The angular velocity is actually v/(2 pi r) = 1/pi rad/second, not 2 rad/second.

Originally Posted by Nousher View Post
As a result, along X axis, the value of initial velocity is 4 m/s, and along Y axis, it is 0.
Yes, this is the instantaneous velocity at t=0.

Originally Posted by Nousher View Post
Since the centripetal force acts at right angle with the direction of initial velocity, along X axis the value of velocity will not change.
This is the source your error. For a particle traveling in a circle at constant speed the centripetal acceleration is always in the direction towards the center of rotation. As the particle moves around the circle the direction of acceleration continually changes - its x-axis components does not remain constant. For example for a satellite in a circular orbit acceleration is always towards the center of the planet it is revolving about. At one particular moment its acceleration is in the +/- x-direction only (no y-direction component), and 1/4 of an orbit later its acceleration is purely n the +/- y-direction with no x-direction component.

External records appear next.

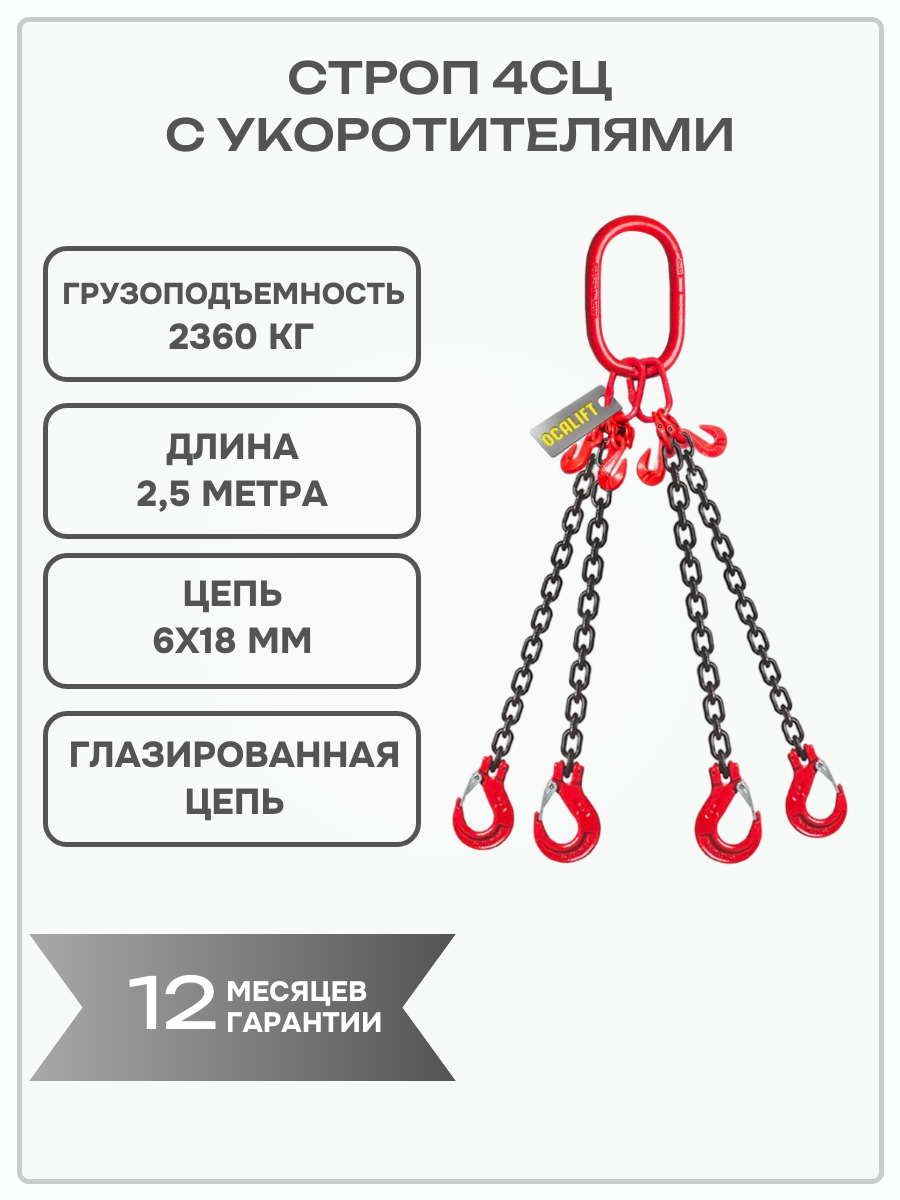 Купить Строп цепной 4СЦ 2,36т 2,5м с укоротителями OCALIFT глазированная цепь с доставкой по всей России. Строп цепной 4СЦ 2,36т 2,5м с укоротителями OCALIFT глазированная цепь: сравнение цен, характеристики, фото, актуальное наличие и цены.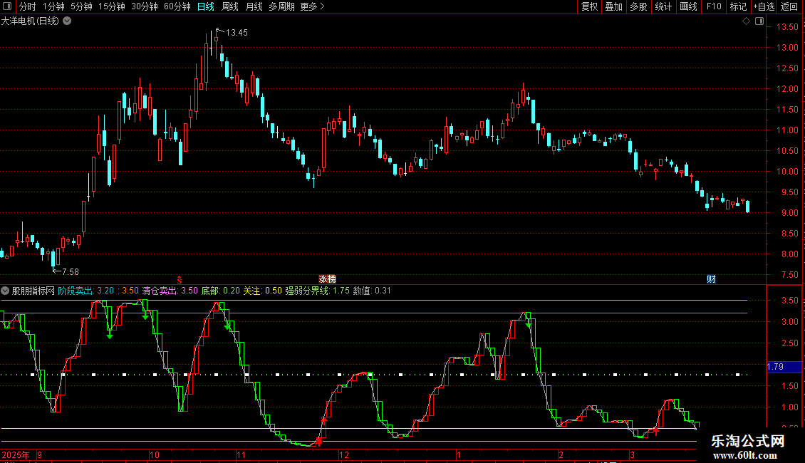 STICKLINE(动力线<=REF(动力线,1) ,动力线 ,REF(动力线,1),3 ,1),COLOR00FF00;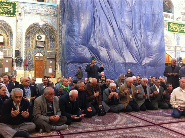 Alevi dedeleri, Bektaşi babaları ve taliplerin de aralarında bulunduğu grup, Hz. Hüseyin, sancaktarı Celal Abbas'ın türbeleri ile Kerbela savaş alanı ve savaş çadırlarının bulunduğu yerleri ziyaret etti. Grup, Hz. Hüseyin cami ve türbesini de gezdi. (Ertuğrul Subaşı - Anadolu Ajansı)Ertuğrul Subaşı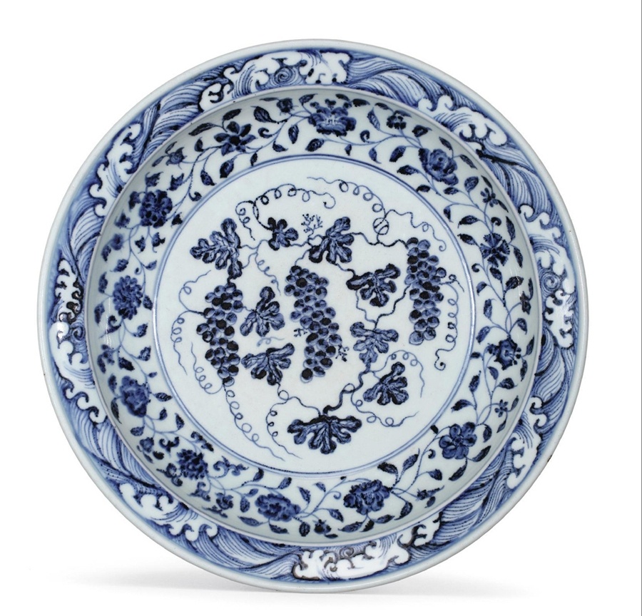 本品即为此中之佳例,其形宏硕端庄,胎质细腻洁白,釉汁莹润亮青,口沿绘一周海水浪涛纹,内外壁均饰十二朵缠枝花卉,勾画婉转流畅,盘心主题纹饰为折枝葡萄图,所绘葡萄,藤蔓绵绵,硕果累累,细须缠绕,枝叶翻卷,布局疏朗而饱满,花果纹饰写实传神,充分借鉴中国水墨画的笔墨意韵,得其法度,勾、勒、点、染诸法,运用皆宜。线条粗细并用,青料浓淡兼施,从而令画面富具苍翠欲滴的意趣,透出凝重雄浑之美,一如朱明盛世,威加四海之气势。青花料聚集处呈铁锈斑,有凹凸不平之感,在釉面映衬下产生清晰明丽之感,苏麻离青料深入胎骨,极具三维效果。永宣时期中外往来密切,瓷器在发达的对外贸易中占有重要的地位,窑业技术精进,规制宏伟。永乐青花折枝葡萄纹大盘亦是当时重要的赏赉用瓷之一,制作精美高超,本品为同类中的上佳之品。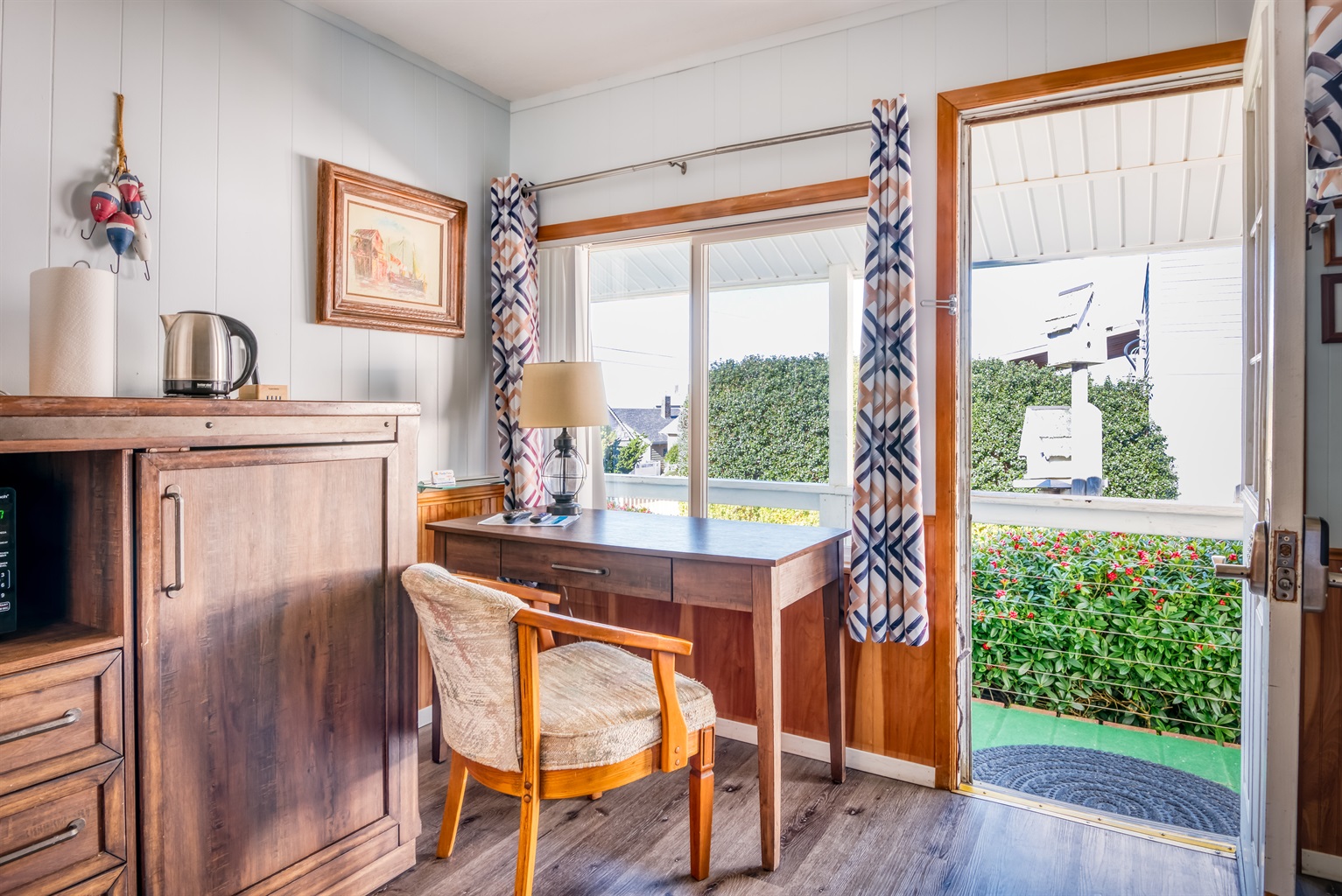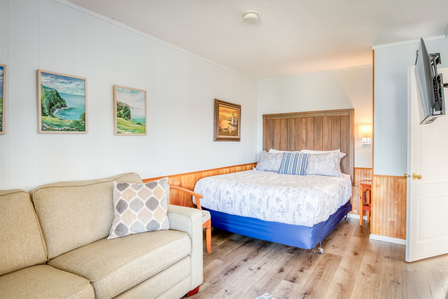 Studio • 1 Bathroom 1 Bath • Sleeps 2-4Experience the quiet beauty of Depoe Bay in this studio vacation suite at Troller's Lodge! Here in a tranquil, private setting, you'll be treated to a unit that features a queen size bed and full size sleeper sofa plus a small living area to relax. Your kitchenette (no cooktop/oven) will include a microwave, mini fridge, Coffee maker, and toaster, There is also a flat screen TV with cable to welcome you home from your day spent whale watching, deep sea fishing or beachcombing.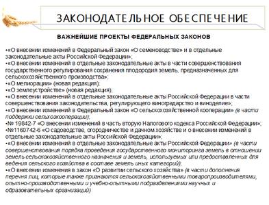Далее, что касается вопросов семеноводства, питомниководства, мелиорации, здесь тоже много проблем и законодательных пробелов.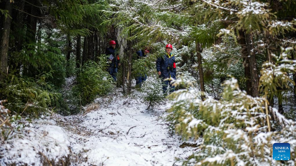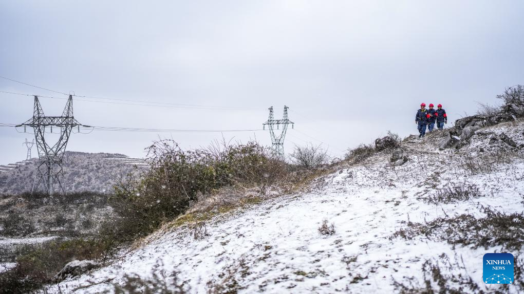 Staff members of local power supply bureau patrol in Liupanshui City, southwest China's Guizhou Province, Jan. 26, 2025. In case of power disruption due to continuous snowfall, local power supply bureau carried out an urgent inspection and maintenance work to ensure the safe and stable operation of local power grid. (Xinhua/Tao Liang)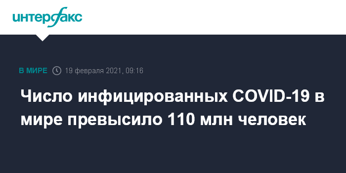 Москва. 19 февраля. INTERFAX.RU - Число выявленных случаев заражения коронавирусной инфекцией в мире с начала пандемии на утро пятницы составило 110 305 738 случаев, свидетельствуют данные американского университета Джонса Хопкинса.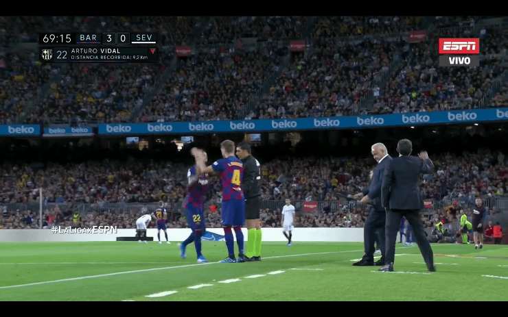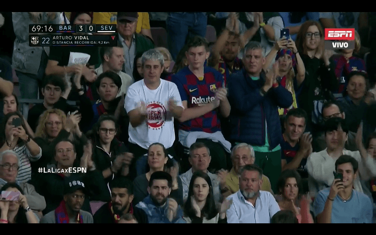 Arturo Vidal fue reemplazado por Iván Rakitic al minuto 70′ del partido ante el Sevilla y los hinchas del Barcelona lo llenaron de aplausos.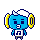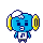 The Cymbal Brothers are two blue Tamagotchi with yellow cymbals on the sides of their heads. They wear a white cap, white shirt with a music note, and gray colored pants. They have a pale blue tuft of hair coming out from their cap, with one brother having it up while the other one has it down.

Originally Posted by Nousher View Post
After 2 seconds, the value of velocity along Y axis will be 16 m/s. And at this moment the direction of resultant velocity with X axis can be determined by the following way. tan∅= (16/4)= 4, ∅= 75.96 degree. .
You have just calculated the velocity of a particle subjected to constant acceleration in the y-direction. The resulting path of motion is a parabola - not a circle - similar to a projectile that's given an initial velocity in the x-direction and then falls under gravity.

Last edited by ChipB; Jan 19th 2015 at 09:04 AM.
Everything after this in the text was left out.